* **Data excerpt**
=== Begin Enclosure ===

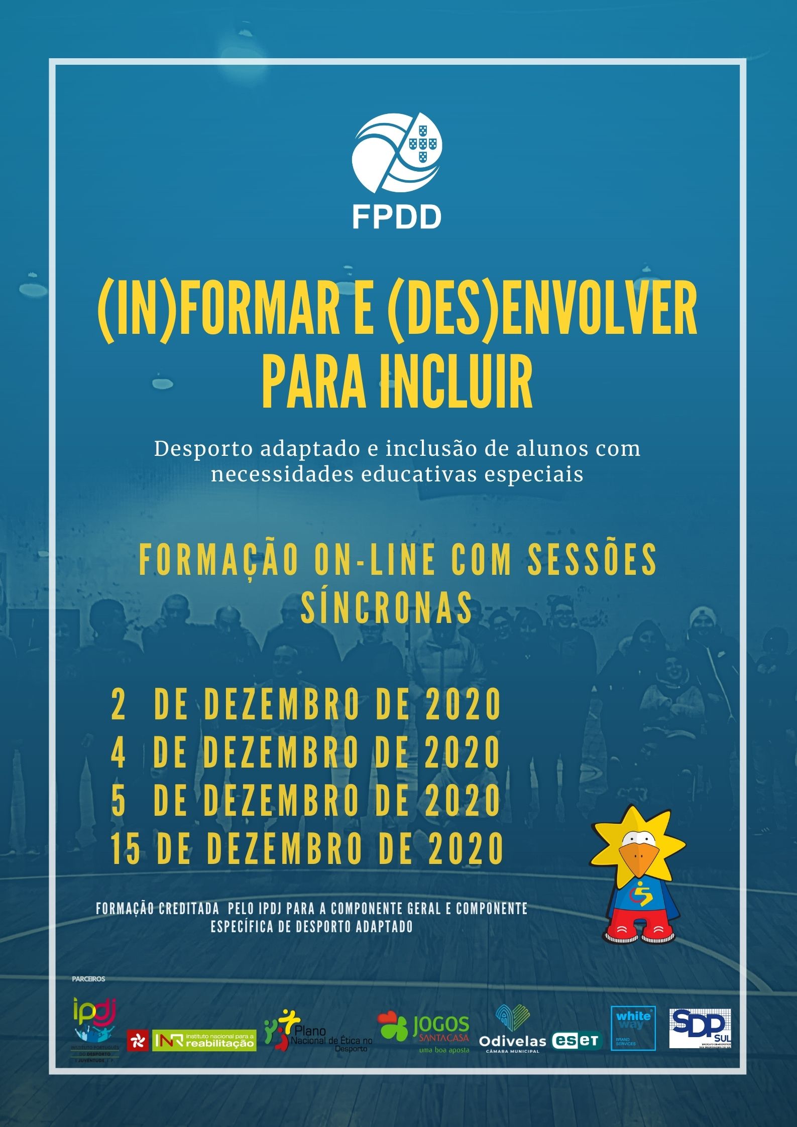 O projeto (In)formar e (Des)envolver para Incluir (IDI) da FPDD vai continuar em dezembro, em Lagos. Em colaboração com Sindicato dos Professores do Sul, vão realizar-se várias ações de formação síncronas e assíncronas, à distância, nos próximos dias 2, 4 e 5 de dezembro, culminando com a sessão de avaliação das aprendizagens a 15 de dezembro; estas ações são creditadas e dirigidas, em particular, aos professores do Sul do país, em particular para os do concelho de Lagos, mas também a treinadores e outros agentes.
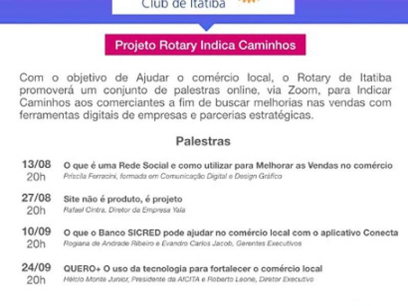 "O Rotary Clube de Itatiba iniciará nesta, quinta-feira 13 de agosto, um ciclo de palestras on-line, com objetivo de ajudar a melhorar as vendas no comércio local"
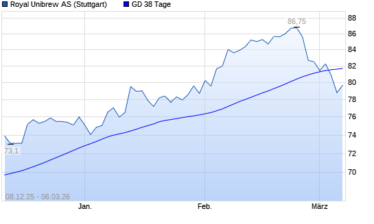 Mit dem Rücksetzer auf 79,50 EUR hat die Royal Unibrew Ord Shs-Aktie am 05.03.2026 die 38-Tage-Linie nach unten gekreuzt.Die Royal Unibrew Ord Shs-Aktie befindet sich seit ...weiterlesen
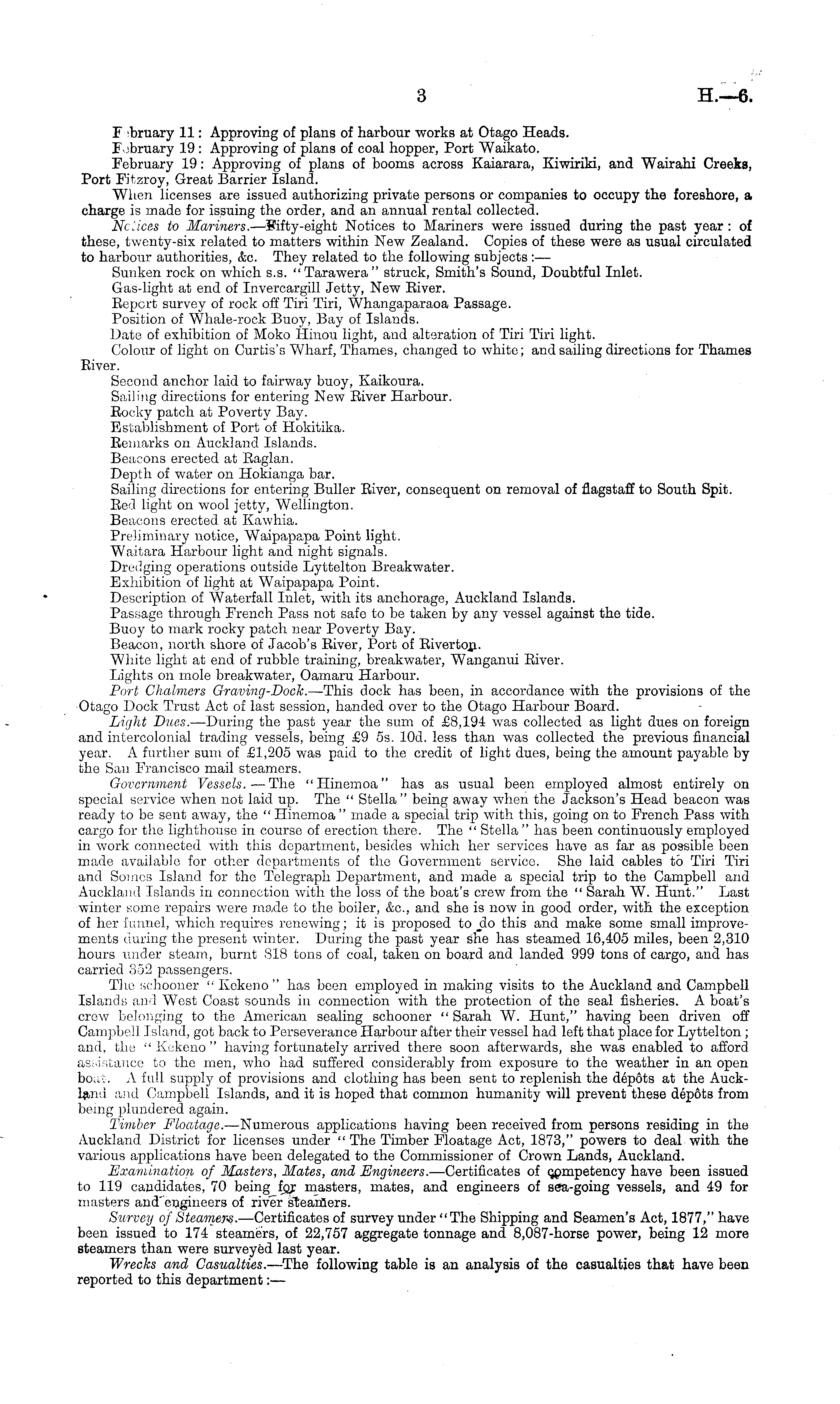F bruary 11: Approving of plans of harbour works at Otago Heads. February 19 : Approving of plans of coal hopper, Port Waikato. February 19: Approving of plans of booms across Kaiarara, Kiwiriki, and "Wairahi Creeks, Port Fitzroy, Great Barrier Island. When licenses are issued authorizing private persons or companies to occupy the foreshore, a charge is made for issuing the order, and an annual rental collected. Nciices to Mariners. —Fifty-eight Notices to Mariners were issued during the past year: of these, twenty-six related to matters within New Zealand. Copies of these were as usual circulated to harbour authorities, &c. They related to the following subjects : — Sunken rock on which s.s. " Tarawera " struck, Smith's Sound, Doubtful Inlet. Gas-light at end of Invercargill Jetty, New Eiver. Report survey of rock off Tiri Tiri, Whangaparaoa Passage. Position of Whale-rock Buoy, Bay of Islands. Date of exhibition of Moko Hinou light, and alteration of Tiri Tiri light. Colour of light on Curtis's Wharf, Thames, changed to white; and sailing directions for Thames Eiver. Second anchor laid to fairway buoy, Kaikoura. Sailing directions for entering New Eiver Harbour. Rocky patch at Poverty Bay. Establishment of Port of Hokitika. Remarks on Auckland Islands. Beacons erected at Raglan. Depth of water on Hokianga bar. Sailing directions for entering Buller Eiver, consequent on removal of flagstaff to South Spit. Eed light on wool jetty, Wellington. Beacons erected at Kawhia. Preliminary notice, Waipapapa Point light. Waitara Harbour light and night signals. Dredging operations outside Lyttelton Breakwater. Exhibition of light at Waipapapa Point. Description of Waterfall Inlet, with its anchorage, Auckland Islands. Passage through French Pass not safe to be taken by any vessel against the tide. Buoy to mark rocky patch near Poverty Bay. Beacon, north shore of Jacob's Eiver, Port of Eivertoja. White light at end of rubble training, breakwater, Wanganui Eiver. Lights on mole breakwater, Oamaru Harbour. Port Chalmers Graving-Dock. —This dock has been, in accordance with the provisions of the Otago Dock Trust Act of last session, handed over to the Otago Harbour Board. Light Dues. —During the past year the sum of £8,194 was collected as light dues on foreign and intercolonial trading vessels, being £9 ss. lOd. less than was collected the previous financial year. A further sum of £1,205 was paid to the credit of light dues, being the amount payable by the San Francisco mail steamers. Government Vessels. —The "Hinemoa" has as usual been employed almost entirely on special service when not laid up. The " Stella" being away when the Jackson's Head beacon was ready to be sent away, the " Hinemoa " made a special trip with this, going on to French Pass with cargo for the lighthouse in-course of erection there. The " Stella " has been continuously employed in work connected with this department, besides which her services have as far as possible been made available for other departments of the Government service. She laid cables to Tiri Tiri and Somes Island for the Telegraph Department, and made a special trip to the Campbell and Auckland Islands in connection with the loss of the boat's crew from the " Sarah W. Hunt." Last ■winter some repairs were made to the boiler, &c, and she is now in good order, with the exception of her funnel, which requires renewing; it is proposed to _do this and make some small improvements during the present winter. During the past year she has steamed 16,405 miles, been 2,310 hours under steam, burnt 818 tons of coal, taken on board and landed 999 tons of cargo, and has carried 352 passengers. The schooner " Kekeno " has been employed in making visits to the Auckland and Campbell Islands and West Coast sounds in connection with the protection of the seal fisheries. A boat's crew belonging to the American sealing schooner " Sarah W. Hunt," having been driven off Campbell Island, got back to Perseverance Harbour after their vessel had left that place for Lyttelton; and, the " Kekeno " having fortunately arrived there soon afterwards, she was enabled to afford assistance to the men, who had suffered considerably from exposure to the weather in an open b0,.:. A full supply of provisions and clothing has been sent to replenish the depots at the Auck■iftßu and Campbell Islands, and it is hoped that common humanity will prevent these depots from being plundered again. Timber Floatage. —Numerous applications having been received from persons residing in the Auckland District for licenses under "The Timber Floatage Act, 1873," powers to deal with the various applications have been delegated to the Commissioner of Crown Lands, Auckland. Examination of Masters, Mates, and Engineers. —Certificates of competency have been issued to 119 candidates, 70 being for masters, mates, and engineers of sea-going vessels, and 49 for masters and engineers of river steamers. Survey of Steamers.— Certificates of survey under "The Shipping and Seamen's Act, 1877," have been issued to 174 steamers, of 22,757 aggregate tonnage and 8,087-horse power, being 12 more steamers than were surveyed last year. Wrecks and Casualties. —The following table is an analysis of the casualties that have been reported to this department:—

=== End Enclosure ===

* **Problem statement**
Copy exactly the lines of the listing above between the one holding "Rotary Clube de" and the one holding "Mit dem Rücksetzer", inclusive; omit all pictures.

* **Solution for this problem**
 "O Rotary Clube de Itatiba iniciará nesta, quinta-feira 13 de agosto, um ciclo de palestras on-line, com objetivo de ajudar a melhorar as vendas no comércio local"
 Mit dem Rücksetzer auf 79,50 EUR hat die Royal Unibrew Ord Shs-Aktie am 05.03.2026 die 38-Tage-Linie nach unten gekreuzt.Die Royal Unibrew Ord Shs-Aktie befindet sich seit ...weiterlesen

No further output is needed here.